About the Superstudio

Running from August 1, 2020 until June 30, 2021, the Green New Deal Superstudio was an open call for designs that spatially manifest the principles and policy ideas of H.R. 109 with regional and local specificity.

A national climate plan like the Green New Deal will be understood by most people through the landscapes, buildings, infrastructures, and public works agenda that it inspires. The Superstudio was a concerted effort to give form and visual clarity to the unprecedented scale, scope, and pace of physical landscape transformation that it implies.

Why the Green New Deal?

In the press conference announcing H.R. 109, Representative Alexandria Ocasio-Cortez remarked that the public should view the non-binding resolution as a "Request for Proposals…we’ve defined the scope and where we want to go.
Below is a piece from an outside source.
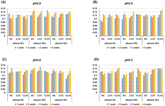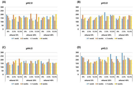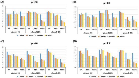 The acidity of red wine affects fermentation and maturation, prevents microbial growth and spoilage, and is important for its storage. A pH between 3.2 and 3.6 is recommended as suitable for the fermentation of red wine, and a pH range of 3.2 to 3.3 is suitable for its storage [39]. Therefore, pH values of 2.0, 3.0, 4.0, and 5.5 were examined in this study.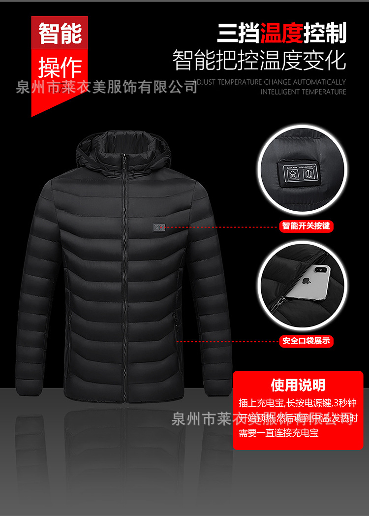 Smart Heating Clothing Winter Hooded Cotton Clothing Heating Heating Cotton Clothing

Now, let’s assess where we are, how we get there, and collaborate on real projects."

Since then, a new body of policy development and economic research has emerged, but the work accomplished to date on the Green New Deal has been focused on abstract, national-scale economic and political strategies. Little has dealt directly with the physical transformation of the built environment.

The 670 Superstudio submissions and the ongoing conversations they engender is our contribution to Ocasio-Cortez’s request.

How the Superstudio worked

Through a year-long open call, designers were invited to be part of this historic, national initiative. Participation in the Green New Deal Superstudio was open to all design schools, professional practices, design and planning related organizations, and individuals.

Registrants became part of a loose, collaborative network of participating studios and had access to a design brief and supporting resources such as webinars, reviews, and discussions that were coordinated and supported by the organizing partners.

As a final product, participants could submit three boards/images representing their work with an accompanying description. For university studios, work was submitted for an entire course, small groups, or individual students, depending on how each studio was organized.

A total of 670 projects were submitted, which then underwent a review and curation process with the organizing partners and a team of reviewers.

A curated set of 55 projects were selected to catalyze conversation and illustrate the wide variety of issues, innovation, scales, and geographic regions represented in submissions.

Partners

The Green New Deal Superstudio is a joint initiative of the following Organizing Partners:

  • Landscape Architecture Foundation (LAF)

  • Weitzman School of Design McHarg Center at the University of Pennsylvania

  • Center for Resilient Cities and Landscapes (CRCL) at Columbia University

  • American Society of Landscape Architects (ASLA)

  • Council of Educators in Landscape Architecture (CELA)

The idea for the Superstudio was born of conversations among Barbara Deutsch (LAF), Richard Weller (McHarg), Kate Orff (CRCL), and Billy Fleming (McHarg) who became the core group guiding the initiative with input from an Advisory Committee.


Megan Barnes (LAF) served as the program manager.